> [Exercise instructions] From the first line to the last, print the material exactly, skipping the pictures.

> [Exercise data]
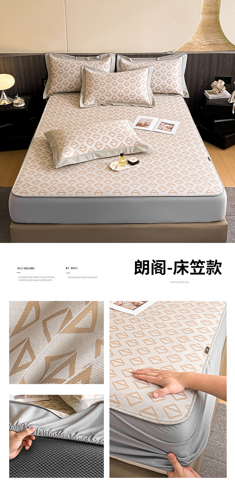 商品名称:三味舒屋 2025新款轻奢主义抗菌防螨凉感提花冰丝养生席床笠款 朗阁
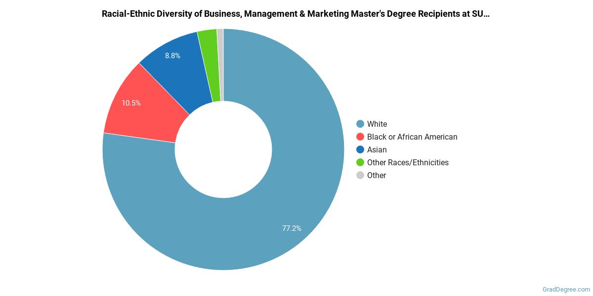 Of the students who received a business, management and marketing master's degree from SUNY Oswego, 77% were white. This is above average for this degree on the natiowide level.
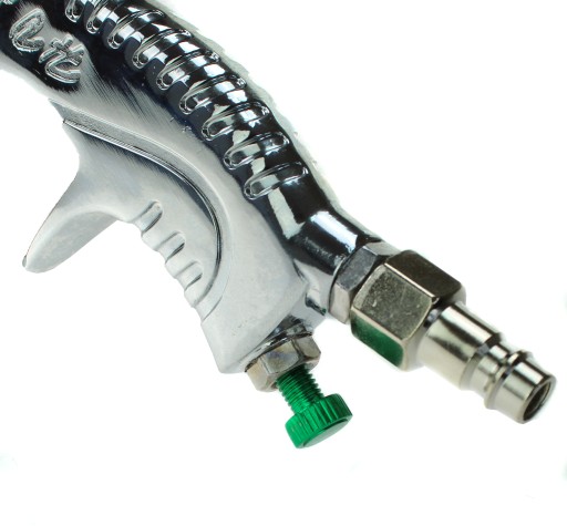 - powietrza (ustawianie ilości materiału w stosunku do powietrza) Regulacja powietrza odbywa się z wykorzystaniem regulatora powietrza zamontowanego przed pistoletem w sieci pneumatycznej oraz bardziej precyzyjnie za pomocą pokrętła w dolnej części rekojeści pistoletu.
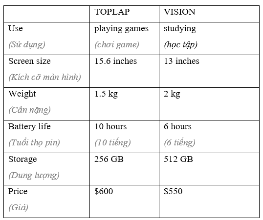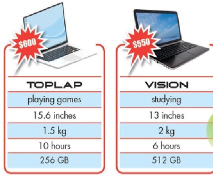 Sales assistant: OK. Then I think you should buy the VISION laptop. It’s good for studying.
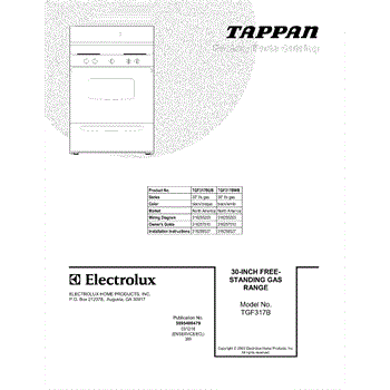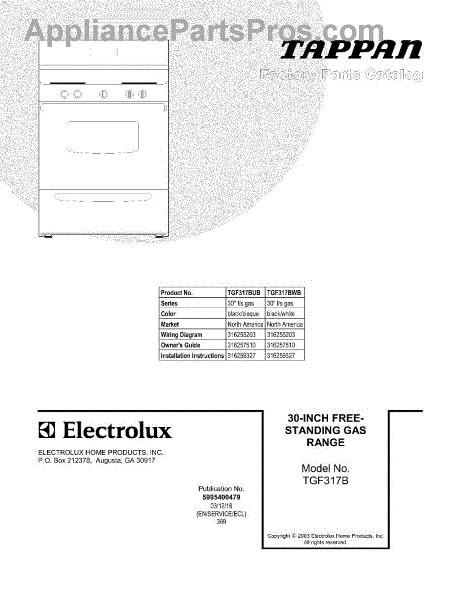 Parts for Tappan TGF317BUB: 01 - Cover Parts
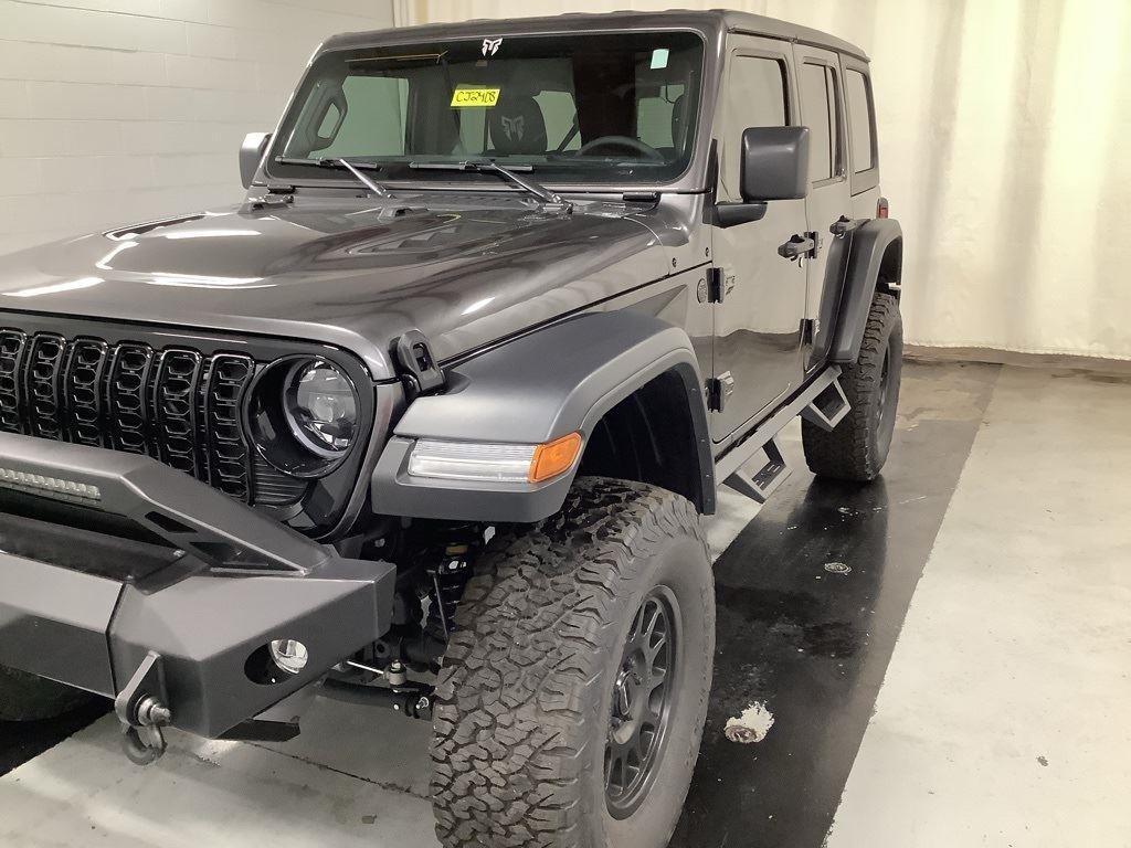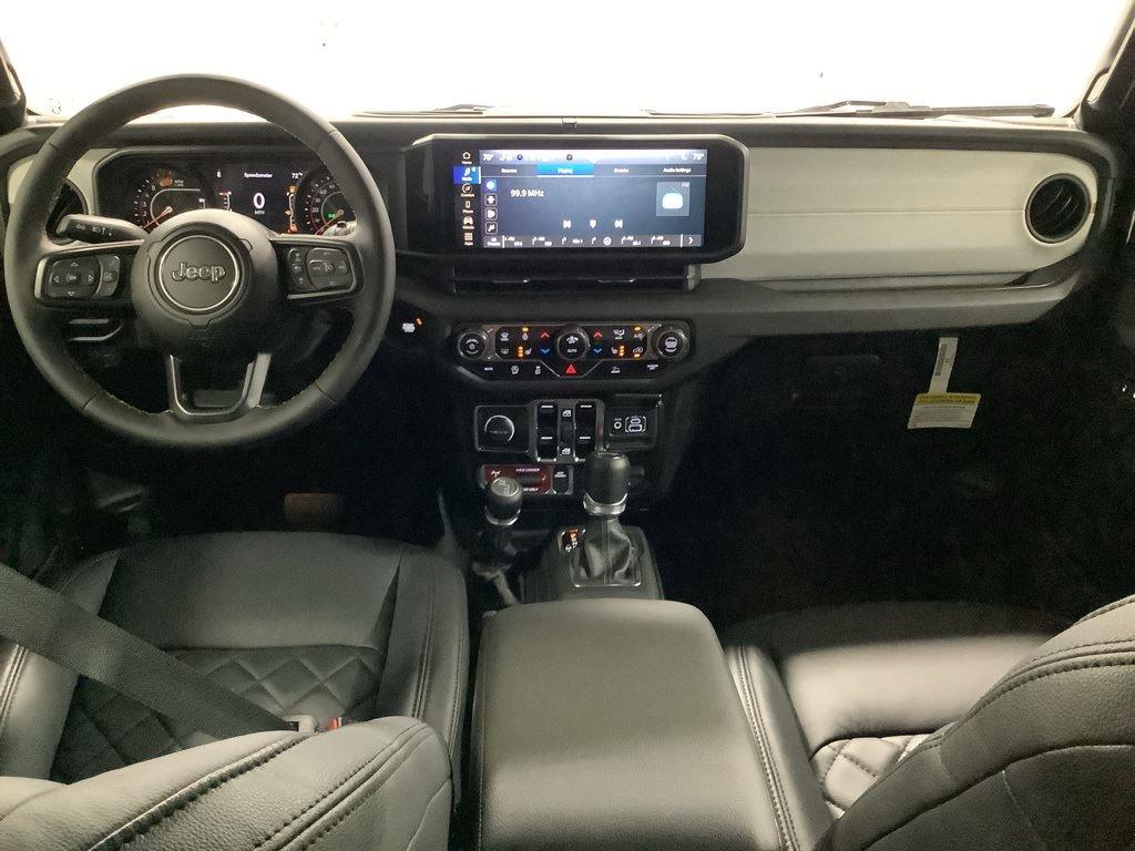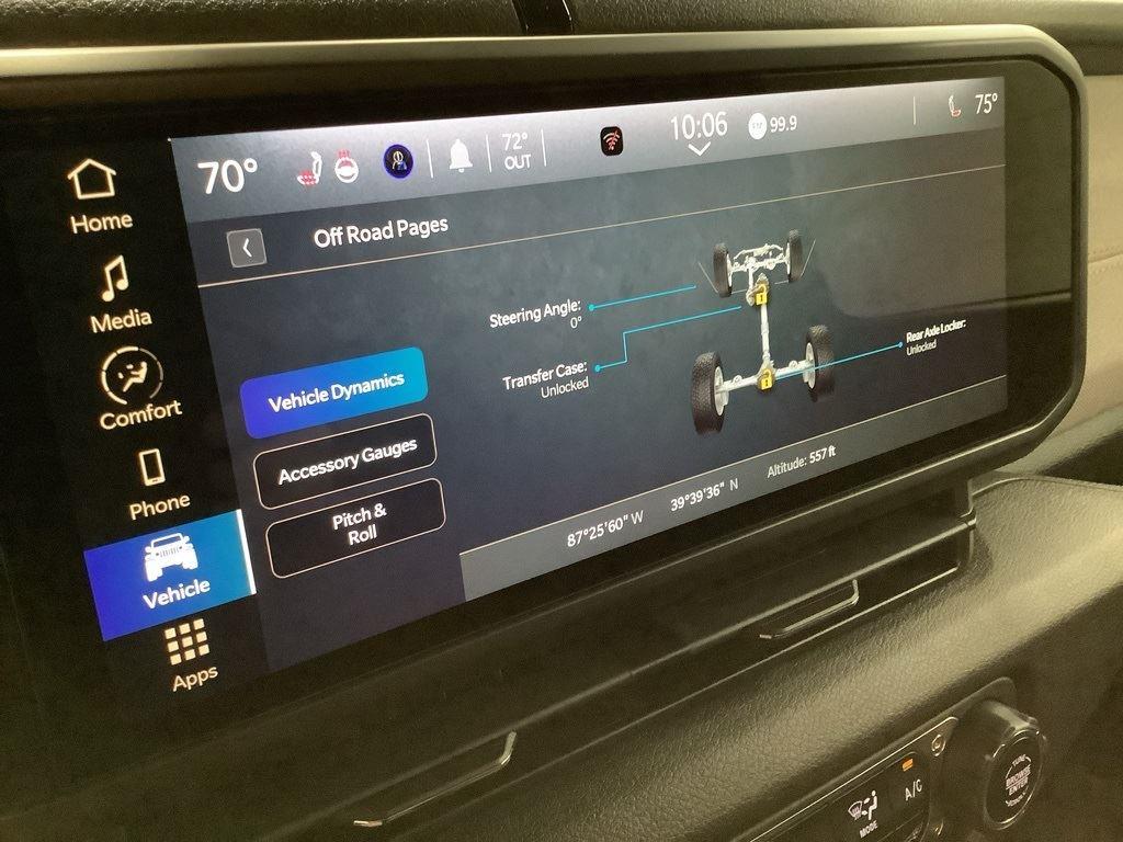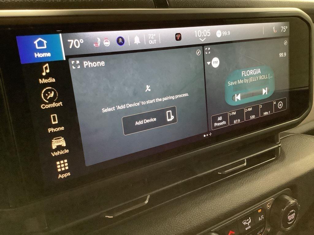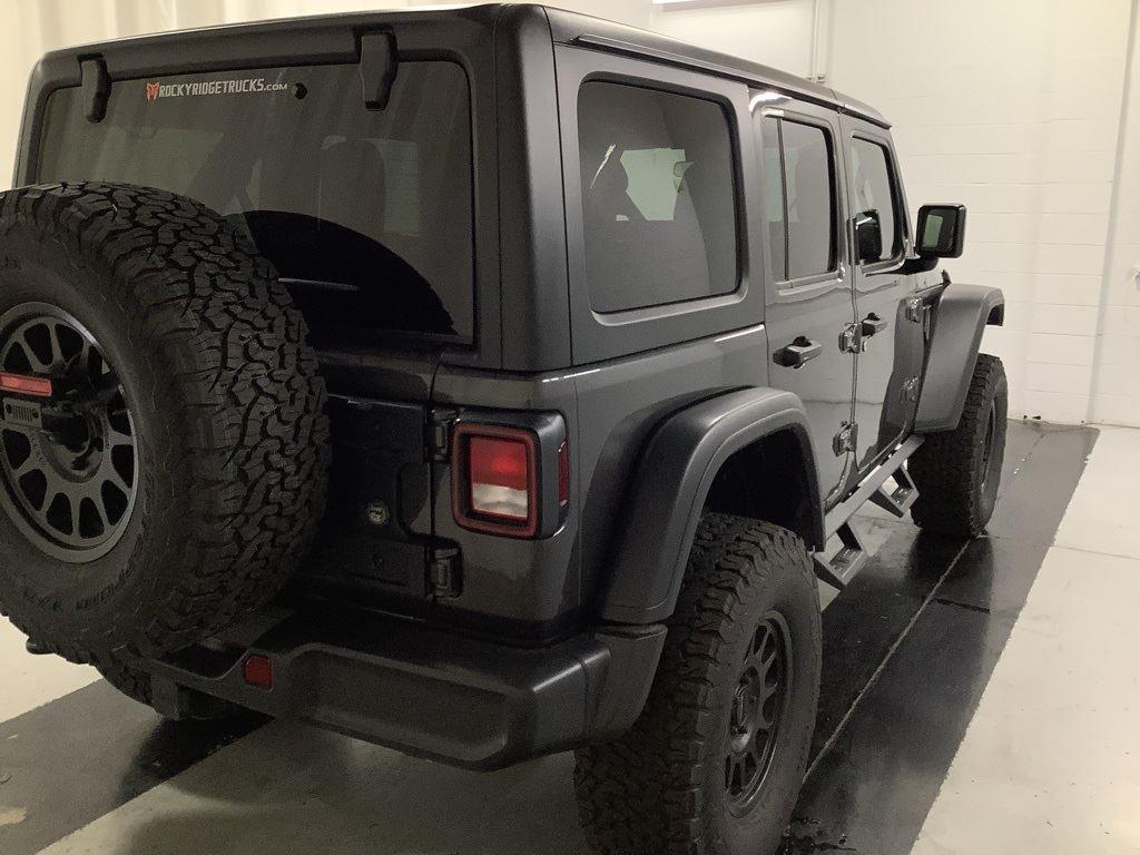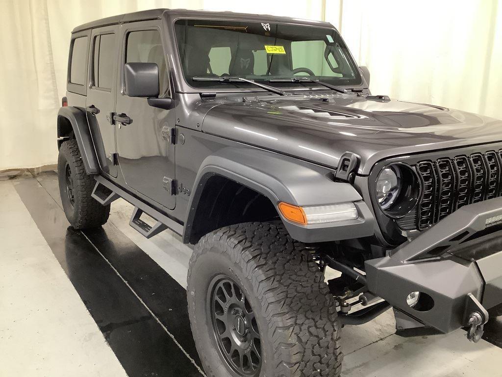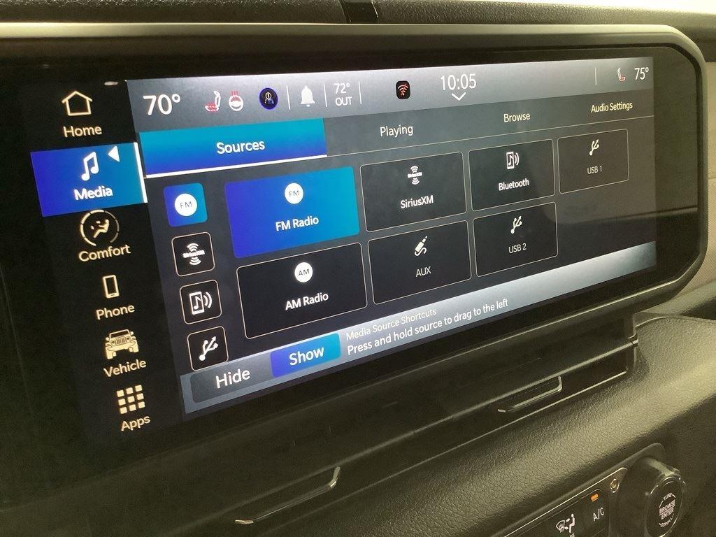 3 inch Suspension Lift, 17 inch Black Off-Road Wheels, 35 inch Premium All-Terrain Tires, Fox Adventure Shocks, Black Wheel to Wheel Side Step, Stamped Steel Hood with Vent Inserts, Rocky Ridge Stitched Headrests, Custom Stitched Leather Seat Covers, Rocky Ridge Stubby Bumper with Body Color Center Insert, 20 inch Lightbar, Rocky Ridge Exterior Badging
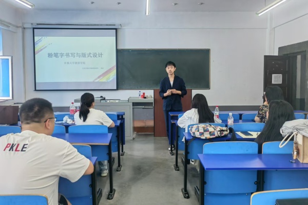 艺术学院教师郭松做“粉笔字书写与板书设计”培训。他从粉笔字的握笔方法及书写姿态、书体的选择、板书书写的版式设计向青年教师介绍如何做好板书书写和设计。
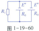 (2)金属框进入磁场过程,由于金属框的上、下边框处处与导轨始终接触良好,所以金属框的上、下边框被短路,作出等效电路如图1-19-59所示,设金属框速度大小为$v_1$,根据法拉第电磁感应定律有$E' = BLv_1$,感应电流$I'= \frac{E'}{R_0+\frac{2}{3}R_0}= \frac{3E'}{5R_0}$,设金属框完全进入磁场时速度大小为$v_2$,由动量定理可得$-\sum BI'L\cdot\Delta t = mv_2 - mv_0$,又$\sum v_1\cdot\Delta t = L$,可得$v_2= \frac{2B^2L^3}{5mR_0}$,由能量守恒定律可得,此过程中电路中产生的总热量$Q_{总1}= \frac{1}{2}mv_0^2 - \frac{1}{2}mv_2^2$,由并联电路电流规律和$Q = I^2Rt$可知,$R_1上产生的热量Q_1= \frac{2}{15}Q_{总1}= \frac{7B^4L^6}{125mR_0^2}$,金属框完全进入磁场后到右边框运动到磁场右边界时,等效电路如图1-19-60所示,通过$R_1的电流I_1= \frac{E''}{2R_0+\frac{1}{2}R_0}= \frac{2E''}{5R_0}$,即流过左右边框的电流之和为$\frac{2E''}{5R_0}$,设金属框右边框刚要出磁场时速度大小为$v_3$,由动量定理可得$-\sum BI_1L\cdot\Delta t = mv_3 - mv_2$,可得$v_3 = 0$,金属框将停止运动。由能量守恒定律可得,此过程中电路中产生的总热量$Q_{总2}= \frac{1}{2}mv_2^2 - \frac{1}{2}mv_3^2$,$R_1上产生的热量Q_2= \frac{4}{5}Q_{总2}= \frac{8B^4L^6}{125mR_0^2}$,在金属框整个运动过程中,电阻$R_1产生的热量为Q_{R1}= Q_1 + Q_2= \frac{3B^4L^6}{25mR_0^2}$。
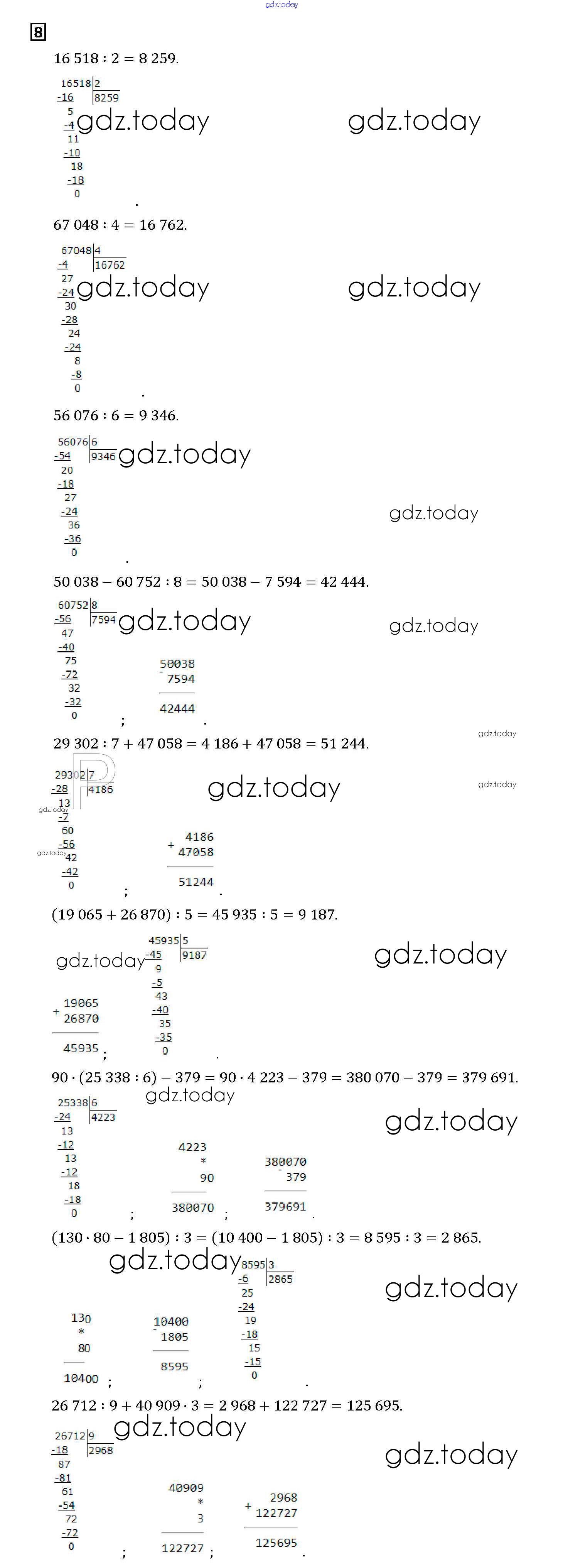 На страницах сайта gdz.today вы найдете учебный и вспомогательный материал, направленный на улучшения знаний школьной программы. ГДЗ - онлайн мир знаний Делим большие числа Решение к части 1 8 Учебнику по Математике для 4 класса Башмаков, Нефедова Аст/Астрель Планета знаний 2012

> [Problem solution]
 商品名称:三味舒屋 2025新款轻奢主义抗菌防螨凉感提花冰丝养生席床笠款 朗阁
 Of the students who received a business, management and marketing master's degree from SUNY Oswego, 77% were white. This is above average for this degree on the natiowide level.
 - powietrza (ustawianie ilości materiału w stosunku do powietrza) Regulacja powietrza odbywa się z wykorzystaniem regulatora powietrza zamontowanego przed pistoletem w sieci pneumatycznej oraz bardziej precyzyjnie za pomocą pokrętła w dolnej części rekojeści pistoletu.
 Sales assistant: OK. Then I think you should buy the VISION laptop. It’s good for studying.
 Parts for Tappan TGF317BUB: 01 - Cover Parts
 3 inch Suspension Lift, 17 inch Black Off-Road Wheels, 35 inch Premium All-Terrain Tires, Fox Adventure Shocks, Black Wheel to Wheel Side Step, Stamped Steel Hood with Vent Inserts, Rocky Ridge Stitched Headrests, Custom Stitched Leather Seat Covers, Rocky Ridge Stubby Bumper with Body Color Center Insert, 20 inch Lightbar, Rocky Ridge Exterior Badging
 艺术学院教师郭松做“粉笔字书写与板书设计”培训。他从粉笔字的握笔方法及书写姿态、书体的选择、板书书写的版式设计向青年教师介绍如何做好板书书写和设计。
 (2)金属框进入磁场过程,由于金属框的上、下边框处处与导轨始终接触良好,所以金属框的上、下边框被短路,作出等效电路如图1-19-59所示,设金属框速度大小为$v_1$,根据法拉第电磁感应定律有$E' = BLv_1$,感应电流$I'= \frac{E'}{R_0+\frac{2}{3}R_0}= \frac{3E'}{5R_0}$,设金属框完全进入磁场时速度大小为$v_2$,由动量定理可得$-\sum BI'L\cdot\Delta t = mv_2 - mv_0$,又$\sum v_1\cdot\Delta t = L$,可得$v_2= \frac{2B^2L^3}{5mR_0}$,由能量守恒定律可得,此过程中电路中产生的总热量$Q_{总1}= \frac{1}{2}mv_0^2 - \frac{1}{2}mv_2^2$,由并联电路电流规律和$Q = I^2Rt$可知,$R_1上产生的热量Q_1= \frac{2}{15}Q_{总1}= \frac{7B^4L^6}{125mR_0^2}$,金属框完全进入磁场后到右边框运动到磁场右边界时,等效电路如图1-19-60所示,通过$R_1的电流I_1= \frac{E''}{2R_0+\frac{1}{2}R_0}= \frac{2E''}{5R_0}$,即流过左右边框的电流之和为$\frac{2E''}{5R_0}$,设金属框右边框刚要出磁场时速度大小为$v_3$,由动量定理可得$-\sum BI_1L\cdot\Delta t = mv_3 - mv_2$,可得$v_3 = 0$,金属框将停止运动。由能量守恒定律可得,此过程中电路中产生的总热量$Q_{总2}= \frac{1}{2}mv_2^2 - \frac{1}{2}mv_3^2$,$R_1上产生的热量Q_2= \frac{4}{5}Q_{总2}= \frac{8B^4L^6}{125mR_0^2}$,在金属框整个运动过程中,电阻$R_1产生的热量为Q_{R1}= Q_1 + Q_2= \frac{3B^4L^6}{25mR_0^2}$。
 На страницах сайта gdz.today вы найдете учебный и вспомогательный материал, направленный на улучшения знаний школьной программы. ГДЗ - онлайн мир знаний Делим большие числа Решение к части 1 8 Учебнику по Математике для 4 класса Башмаков, Нефедова Аст/Астрель Планета знаний 2012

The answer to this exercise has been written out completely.